I somehow found myself on the Algonquin Redux site and landed on a list that clearly stated the difference between a mystery and a thriller. Here’s the short of it:
MYSTERY THRILLER
A puzzle A nightmare
Curiosity motivates Victim story (at top)
Protagonist has skills Protagonist must learn skills
Thinking is paramount Feeling is paramount
Action is offstage Action is onstage
Small circle of acquaintances Thrust into larger world
Clues Surprises/twists
Red herrings Cycles of mistrust
Information withheld from audience Information given to audience
Audience a step behind Audience a step ahead
Mostly single Point of View Up to four Points of View
Whodunnit?

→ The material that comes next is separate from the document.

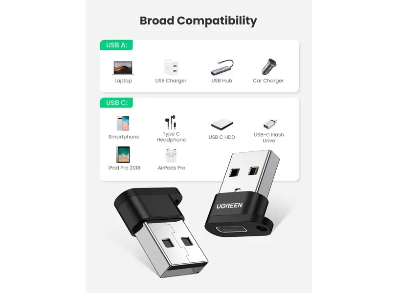 UGREEN US280 (50568) USB A Male to USB-C Female ადაპტერი არის კომპაქტური და მრავალფუნქციური მოწყობილობა, რომელიც საშუალებას გაძლევთ გადაიყვანოთ USB-A პორტი USB-C პორტად. ეს ადაპტერი უზრუნველყოფს მაღალსიჩქარიან მონაცემთა გადაცემას და საშუალებას გაძლევთ დაკავშიროთ USB-C მოწყობილობები USB-A პორტთან. მისი მყარი კონსტრუქცია და მაღალი ხარისხის მასალები უზრუნველყოფს ხანგრძლივობას და საიმედოობას. ადაპტერი კომპაქტური და მსუბუქია, რაც ხელსაყრელია ყოველდღიური გამოყენებისთვის. შავი ფერი და დახვეწილი დიზაინი ადაპტერს უფრო პრაქტიკულს და ელეგანტურს ხდის.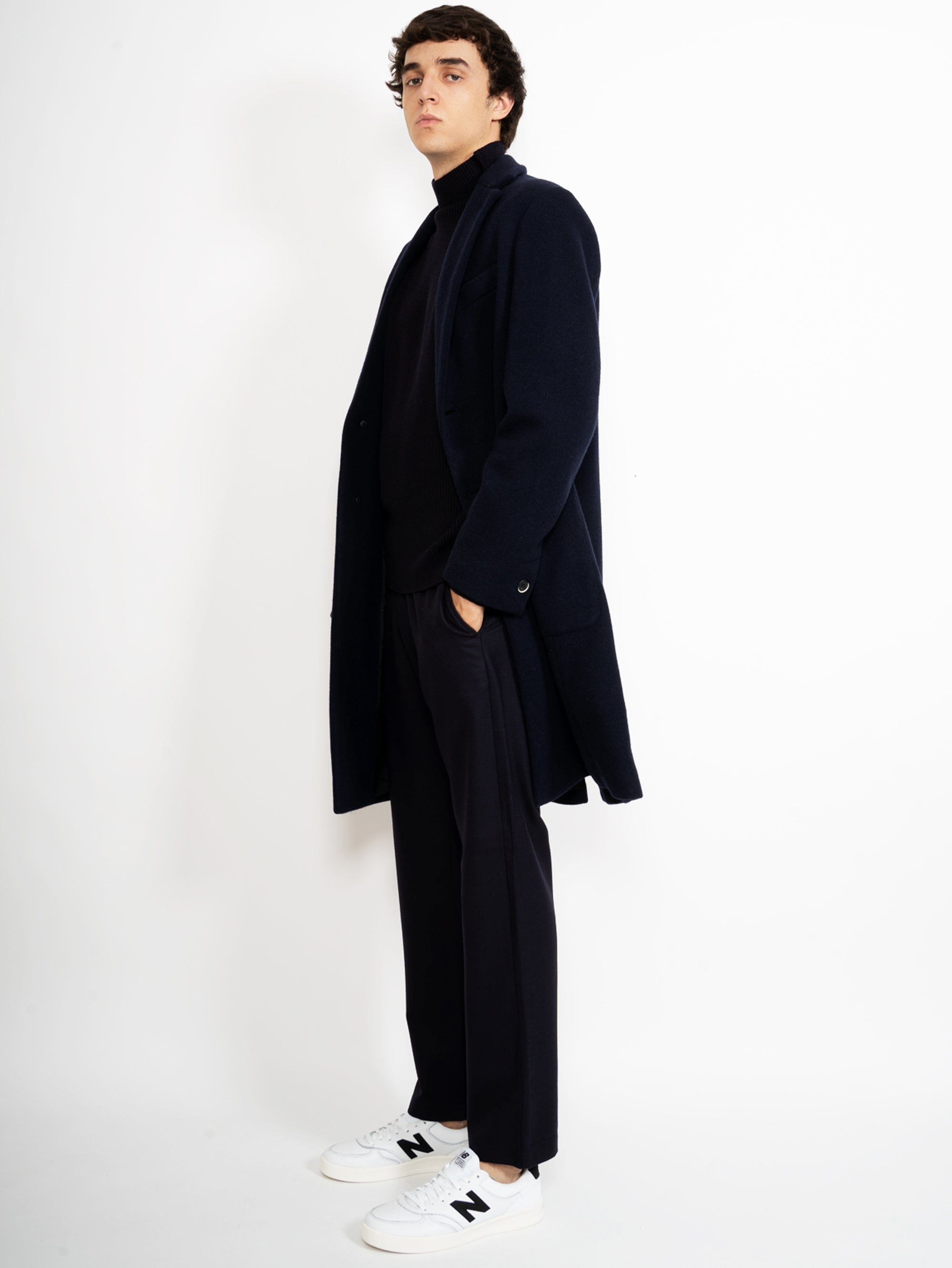 Marineblauer Baron-Mantel mit zwei Knöpfen

What will happen?
Suspects Betrayers
Ending intellectually satisfying Ending emotionally satisfying
Closure a requirement Can end ambiguously
Series expected Often stand-alone
Usually 300 pages Can be longer
Here’s the link if you want to read the article in it’s entirety. It’s actually pretty short. This was all fine and good but it still didn’t quite nail the way I handled my story, or maybe I should say the way my characters handled the story. Therefore, I still didn’t have a clue. But, lucky me, I subscribe to various blogs and am never at a loss for something to read. And just over a week ago I found my answer here. Hallelujah, what I wrote actually fits nicely into this! Crime fiction! Whoop!
On what constitutes crime fiction:
“I would say that crime fiction is less about the whodunit than about the protagonist’s dilemma in a criminal milieu. The protagonist may not have all the information—so there is a mystery in that he is trying to find something out—but the story is really about how he solves his problems, which are often as much about his lifestyle as about the particular crime that spurs the plot. For instance, in Ray Bank’s brilliant Saturday’s Child, Cal Innes is forced by a local mob boss to find a former employee and the money he stole, but in many ways the story is about Cal trying to find a place for himself and form an adult life within a socioeconomic stratum that offers very few options.”
—Stacia Decker (Donald Maass Literary Agency)
This was such a relief because “crime fiction” isn’t listed very often. If you do a search on it you can find some resources, but mostly you get thriller, suspense and mystery and often all of these are lumped together. When I was trying to buy books so I could read “in the genre” I was writing, suspense was the one I searched under. And oftentimes I ended up giving up because I just couldn’t seem to pinpoint a similar story. (Saturday’s Child above would have been good to know about, for example)
Now I know. A day late and a dollar short maybe, but my book fits somewhere! Clearly!
Have you ever written a book, only to have no idea what the heck it is?